August Torngren Wartin said...

Thanks for your fast answer!

So, the individual wage only depends on how long time you've been a cooperative member and the kind of proffesion/working tasks you have? It doesn't depend on work effort, skills/''talent'' or your relationship with the manager etc, like in normal capitalist firms?

/August

ATW said...

Btw: A very nice blog!

Joan said...

''All new workers in the Basque Country start with a six to twelve month trial period. If they demonstrate that they are good workers and accept the cooperative system, they can become a member by investing about one year's salary – they can get a bank loan to pay this over 36 months at 3.7% interest.''

Do they get the bank loan fron Caja Laboral or from the indiviual cooperative?

Dada Maheshvarananda said...

Joan, the loan comes from the Caja Laboral cooperative bank.

Mikel told us a funny true story about that. Shortly after the first co-op was started by the five engineers who had trained under Father José María Arizmendiarrieta, he started urging them to start a cooperative bank. But they said they weren't interested. Then the priest went to Madrid for a few days, and when he returned, he brought the incorporation papers for the Caja Laboral. The good priest had FORGED their signatures and gotten the application approved. And to this day, the grand success of the Mondragón Cooperative Movement is credited in large part to the financial resources that the bank provides.

Rosie said...

Maybe it's to late to comment on this blog post, but I have a question regarding the following:

''All new workers in the Basque Country start with a six to twelve month trial period. If they demonstrate that they are good workers and accept the cooperative system, they can become a member by investing about one year's salary – they can get a bank loan to pay this over 36 months at 3.7% interest.''

If a worker wants to leave a Mondragon cooperative, do the individual cooperative have to pay him/her back this money?

Dada Maheshvarananda said...

Rosie,

No, the investment is non-refundable. However, if any Mondragon cooperative goes bankrupt, the Mondragon Cooperative Corporation guarantees employment in another cooperative for every worker. So each member is guaranteed work for life.

rosie said...

Thanks a lot for your answer!

Am I allowed to ask two more questions? I would be very happy if you could answer!

Can a cooperative fire workers, and if so, how do they do it? Do you know who makes the decisions if someone has to get fired (if someone's breaking the rules of the cooperative for example)?

In for example Argentina, according to what I know (correct me if I'm wrong), the cooperative legislation says that everyone working in a cooperative have the right to become member after a six-month trial period. In the Basque Country, such a law doesn't exist (again according to what I've read so correct me if I'm wrong), and that's why the cooperatives of Mondragon can hire people without making them members (like Eroski did until last year when everyone became members). Does every worker have the right to become member in the individual cooperatives of Mondragon (is there some kind of rule in Mondragon giving the workers the right to become members) or is that a decision of every individual cooperative?

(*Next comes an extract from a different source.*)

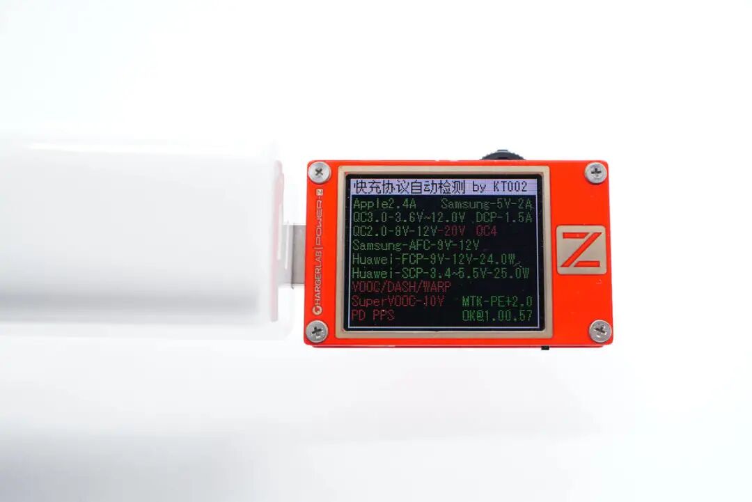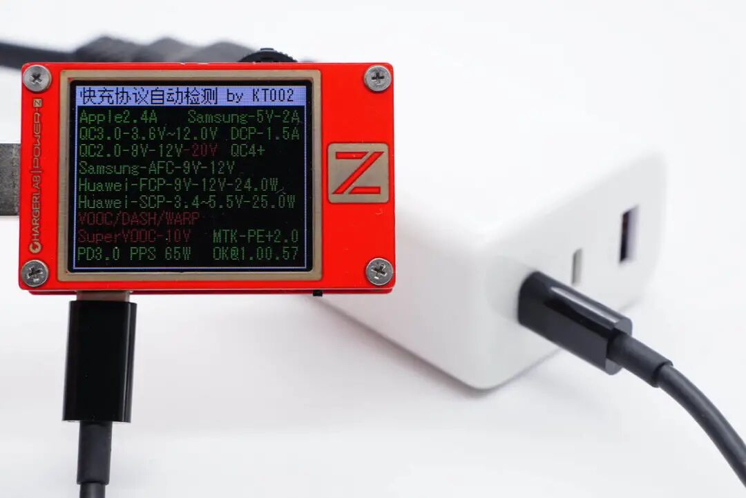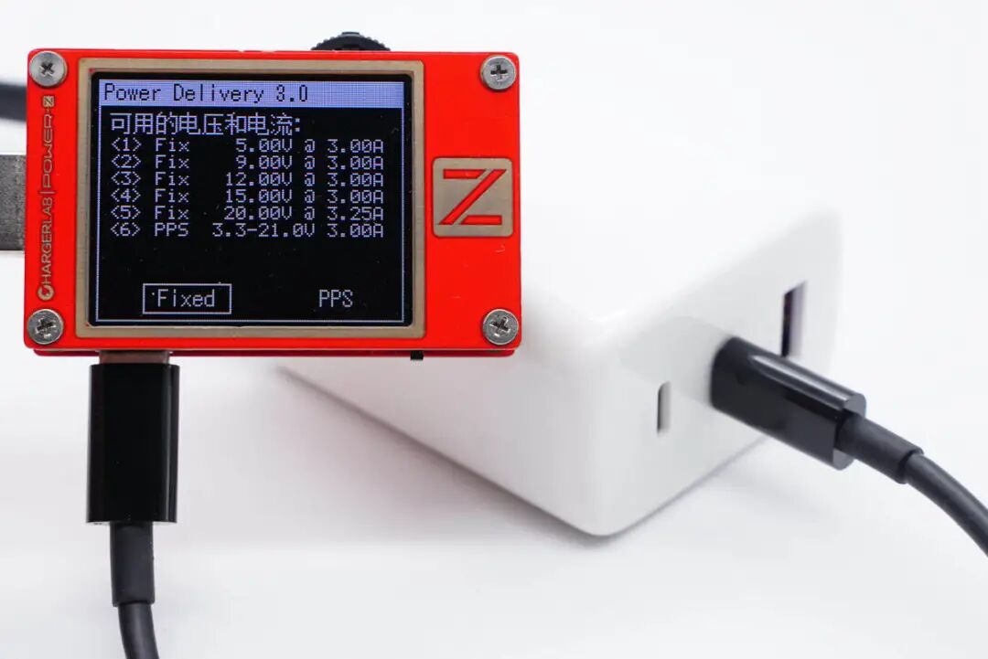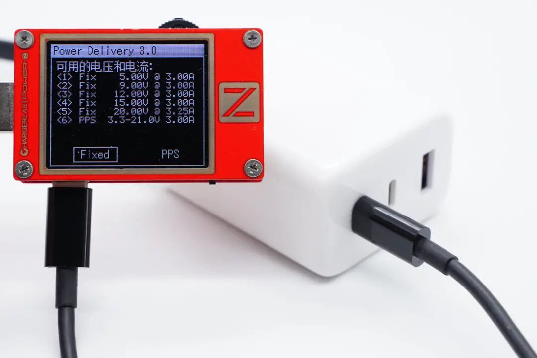 使用ChargerLAB POWER-Z KT002测得USB-C1口支持Apple 2.4A、Samsung 5V2A、DCP协议,以及QC2.0/3.0、AFC、FCP、SCP、PE2.0、PD3.0、PPS多个快充协议。

Thanks again lot for you answer!

/Rosie

georg said...

hey dada, do individual cooperatives of mondragon compete with eachother?

Dada Maheshvarananda said...

Dear Rosie and Georg,

There is a one-year trial period before a worker is approved to join a cooperative in Mondragón. Yes, it is possible to fire a cooperative member, but that is a complicated process involving the collective membership with appeals procedures.

No cooperative in Mondragón is allowed to compete with any other cooperative. The Mondragón Cooperative Corporation is very strict about that.

georg said...

Cheers.

One more thing: Why do you think Mondragon coops invest so much in the future? It seems to me that some workers cooperatives that I've visited in for example Argentina are unwilling to reinvest profits in the their company because the workers often prefer to take out all the profits as wages instead of for example investing some of the profits in more marketing etc. Is that something you have experienced in workers-managed firms? If so, how do you think we can solve this problem and how did they solve it in Mondragon?